Taxes have a way of affecting small businesses and their ability to grow if not properly managed. However, many such businesses are unaware of the benefits of section 179, a tax code that can provide several incentives and write-offs for small businesses.
What Is Section 179?
Section 179 is a US internal revenue tax code that applies to a deduction for depreciable business assets. It allows businesses to write off the full costs of eligible property in the first year of purchase and service rather than spread it over several years.
What Is A Section 179 Expense?
A section 179 expense is an annual non-cash allowance that can be claimed as an income tax deduction of any section 179 property. As such, when a taxpayer chooses to treat the cost of any section 179 property as an expense, the business gets a deduction for the life of the property in the tax year in which it’s used without any cost overlays.
What Is Section 179 Deduction?
Section 179 deductions write off the costs of qualified MACRS Section 1245 properties, such as tangible furniture and pieces of equipment, in use for more than 50% of business use during the first year.
What Qualifies For Section 179?
Most equipment and properties used for businesses will qualify for section 179. However, remember that the property must be new to you; thus, purchased and used under the tax year you claim.
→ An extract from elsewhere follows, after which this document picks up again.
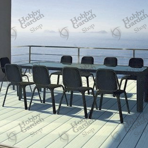 Il rivestimento è in fibra Tal-wicker. Vetro temperato. Piedini in alluminio.

Below are some qualifying assets for section 197:
- Computers and computer software.
- Personal properties used for over 50% of business use.
- Office furniture.
- Manufacturing and producing equipment, i.e., printers, copiers, etc.
- Work vehicles.
Some improvements to office buildings, such as security systems, HVAC, alarms, and roofings, can also qualify for section 197.
What Vehicles Are Eligible For Section 179?
The internal revenue section 179 vehicle list is categorized into SUVs, cars, and other vehicles. Note that for a vehicle to qualify, you must use it more than 50 percent of the time for business purposes. So now, what vehicles are eligible for section 179?
- Work vehicles that are used for business only.
- Cars not over 6000 pounds gross vehicle weight.
- Heavy SUVs, Pickup, or Vans with over 6000 pounds gross vehicle weight but less than 14000 pounds can qualify for partial Section 179 deduction.
- Other vehicles include exceptions such as specialty vehicles, i.e., ambulances, tractors, trailers, etc.
What Can You Take Section 179 On?
You can take section 179 on business expenses related to depreciable properties such as machinery, cars, computers, and office equipment. This way, your business can get a tax break when purchasing important equipment instead of capitalizing on them and depreciating it over a long time.
What Is The Purpose Of Section 179?
The purpose of section 197 is to encourage and help small businesses to purchase necessary assets required without breaking the bank. It also helps them maximize their little capital by investing the money saved through the tax write-off to grow the business in another aspect.
Utilizing section 179 can greatly benefit small businesses to help minimize their taxes. Thus, increasing profits and their ability to invest in the growth of the business.